#### [PROBLEM TO SOLVE]
From the listing below, please restate exactly the lines beginning at the one with "当日下午,全体同学身着正装、" and ending at the one with "The image displays", both included, and skip the pictures.

#### [GIVEN ENTRIES]
BEGIN
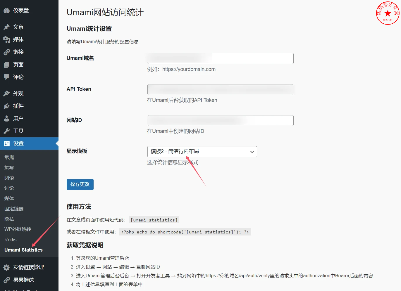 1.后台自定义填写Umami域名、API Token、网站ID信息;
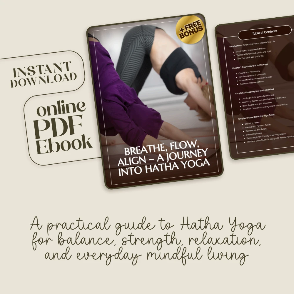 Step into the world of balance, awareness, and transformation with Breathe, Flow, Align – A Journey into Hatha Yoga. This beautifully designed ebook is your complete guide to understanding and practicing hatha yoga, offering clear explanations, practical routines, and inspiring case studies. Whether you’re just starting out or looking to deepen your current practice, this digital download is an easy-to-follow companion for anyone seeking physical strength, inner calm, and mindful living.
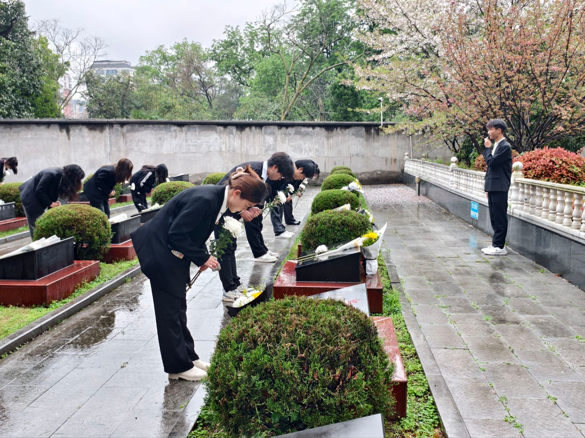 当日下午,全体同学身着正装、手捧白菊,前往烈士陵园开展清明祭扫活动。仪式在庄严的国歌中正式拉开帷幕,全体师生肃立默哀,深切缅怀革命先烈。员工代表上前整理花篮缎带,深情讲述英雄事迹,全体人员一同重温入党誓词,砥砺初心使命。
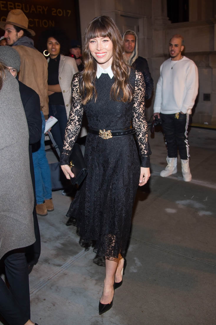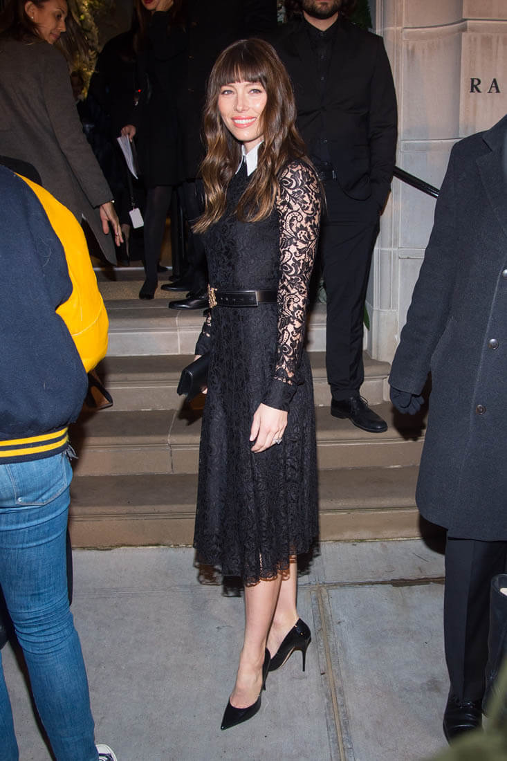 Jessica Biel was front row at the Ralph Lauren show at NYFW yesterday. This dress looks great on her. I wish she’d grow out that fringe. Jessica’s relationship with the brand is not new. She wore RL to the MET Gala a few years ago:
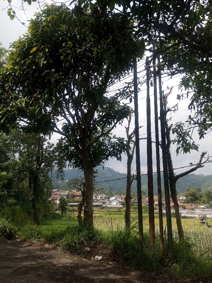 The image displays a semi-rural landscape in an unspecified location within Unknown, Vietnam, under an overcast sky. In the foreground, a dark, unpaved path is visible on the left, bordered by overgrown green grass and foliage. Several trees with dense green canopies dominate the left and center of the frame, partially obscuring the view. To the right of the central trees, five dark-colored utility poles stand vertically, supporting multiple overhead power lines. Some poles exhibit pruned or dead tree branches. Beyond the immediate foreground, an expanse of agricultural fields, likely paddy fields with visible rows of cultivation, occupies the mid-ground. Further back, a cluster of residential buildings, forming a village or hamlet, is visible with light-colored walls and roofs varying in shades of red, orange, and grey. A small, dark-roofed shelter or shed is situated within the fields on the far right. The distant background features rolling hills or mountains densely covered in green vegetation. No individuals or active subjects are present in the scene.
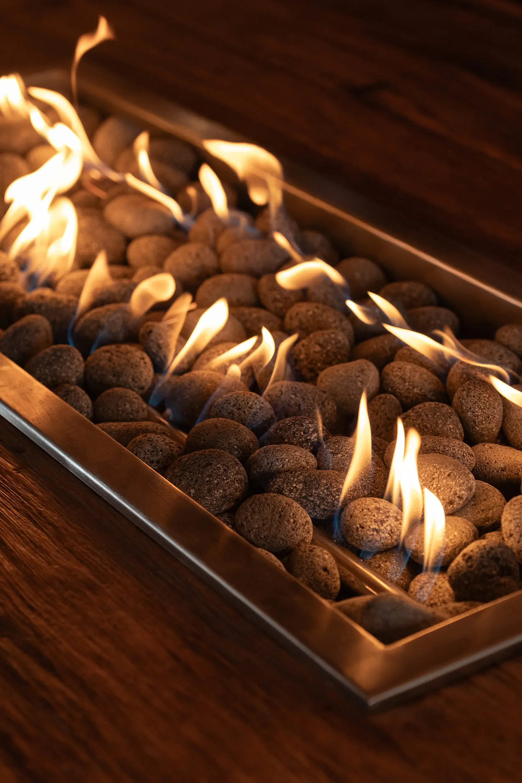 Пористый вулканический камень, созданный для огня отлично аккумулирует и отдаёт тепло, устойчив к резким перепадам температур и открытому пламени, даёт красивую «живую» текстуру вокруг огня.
END
BEGIN
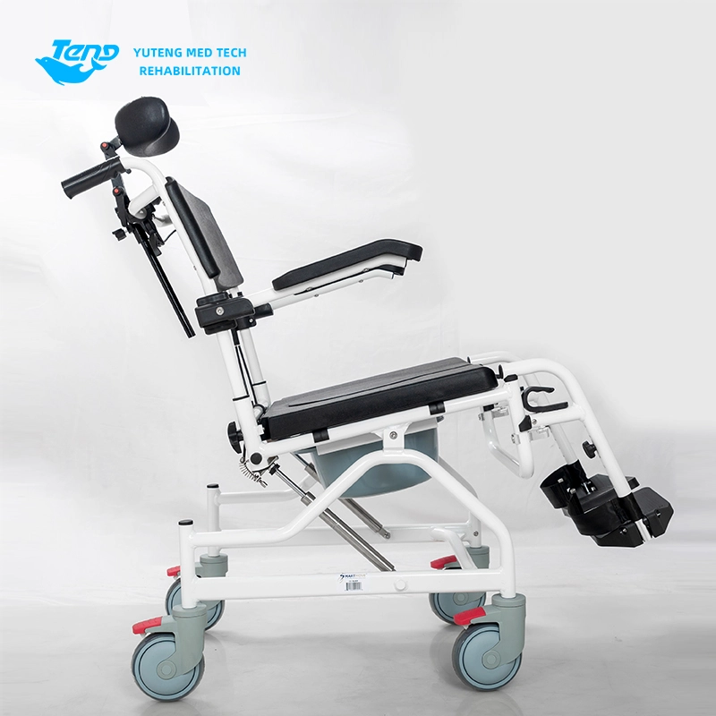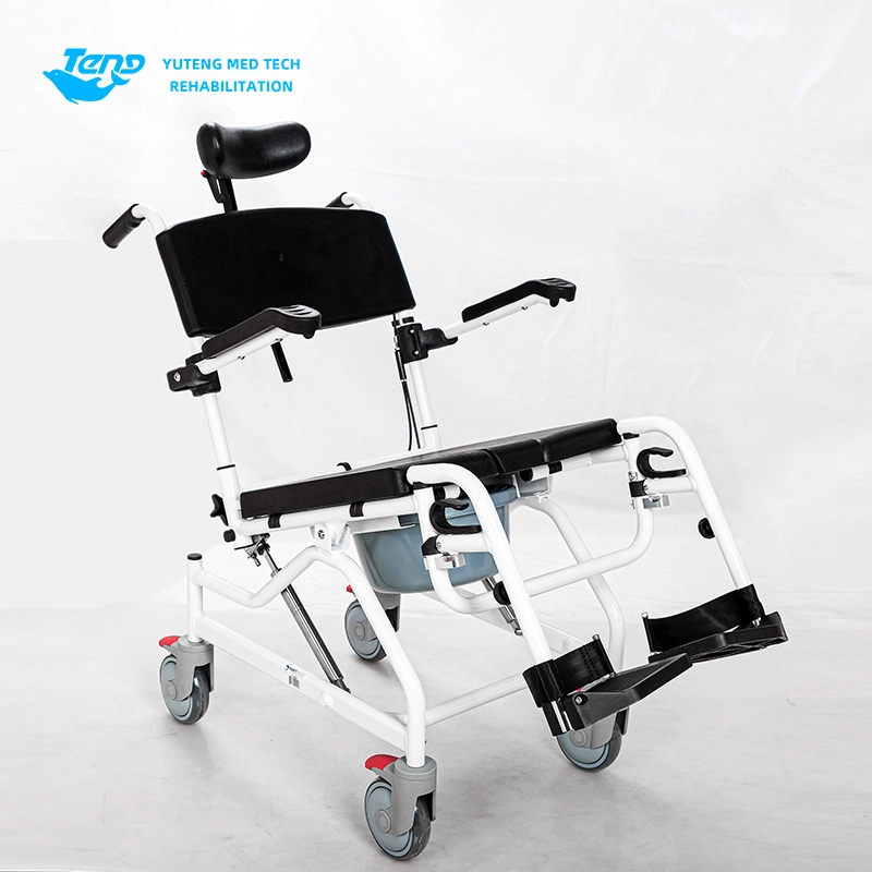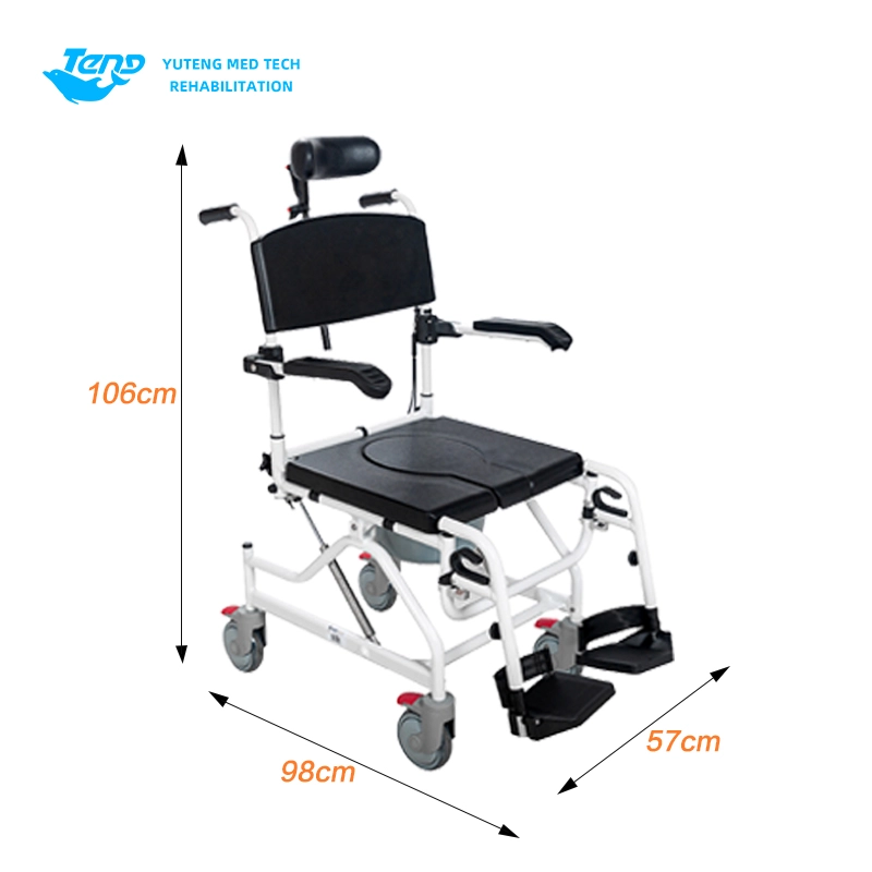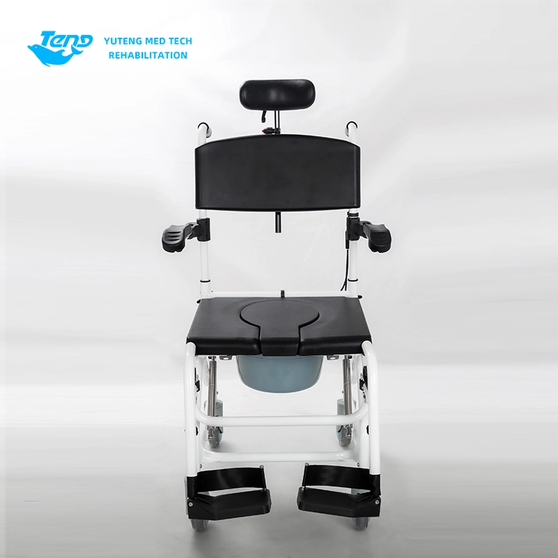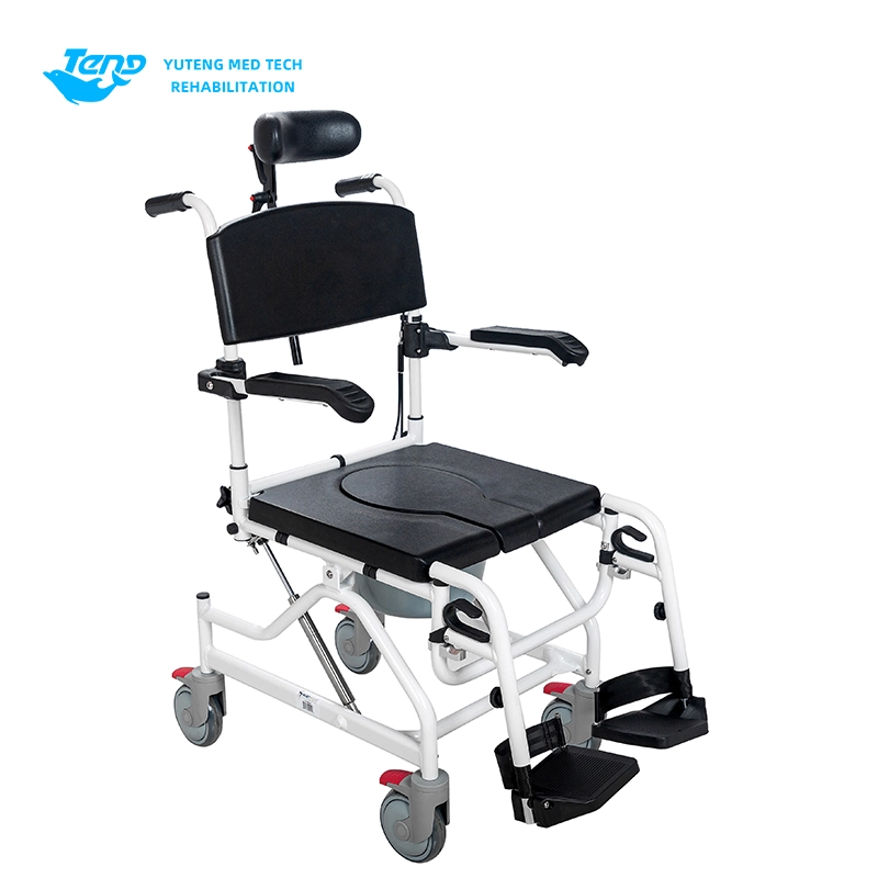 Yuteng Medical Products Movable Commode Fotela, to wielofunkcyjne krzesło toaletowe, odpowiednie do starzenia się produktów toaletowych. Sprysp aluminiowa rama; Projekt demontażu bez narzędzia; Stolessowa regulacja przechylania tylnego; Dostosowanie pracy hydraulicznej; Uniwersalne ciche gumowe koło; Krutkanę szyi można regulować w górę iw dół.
END
#### [TASK OUTPUT]
 当日下午,全体同学身着正装、手捧白菊,前往烈士陵园开展清明祭扫活动。仪式在庄严的国歌中正式拉开帷幕,全体师生肃立默哀,深切缅怀革命先烈。员工代表上前整理花篮缎带,深情讲述英雄事迹,全体人员一同重温入党誓词,砥砺初心使命。
 Jessica Biel was front row at the Ralph Lauren show at NYFW yesterday. This dress looks great on her. I wish she’d grow out that fringe. Jessica’s relationship with the brand is not new. She wore RL to the MET Gala a few years ago:
 The image displays a semi-rural landscape in an unspecified location within Unknown, Vietnam, under an overcast sky. In the foreground, a dark, unpaved path is visible on the left, bordered by overgrown green grass and foliage. Several trees with dense green canopies dominate the left and center of the frame, partially obscuring the view. To the right of the central trees, five dark-colored utility poles stand vertically, supporting multiple overhead power lines. Some poles exhibit pruned or dead tree branches. Beyond the immediate foreground, an expanse of agricultural fields, likely paddy fields with visible rows of cultivation, occupies the mid-ground. Further back, a cluster of residential buildings, forming a village or hamlet, is visible with light-colored walls and roofs varying in shades of red, orange, and grey. A small, dark-roofed shelter or shed is situated within the fields on the far right. The distant background features rolling hills or mountains densely covered in green vegetation. No individuals or active subjects are present in the scene.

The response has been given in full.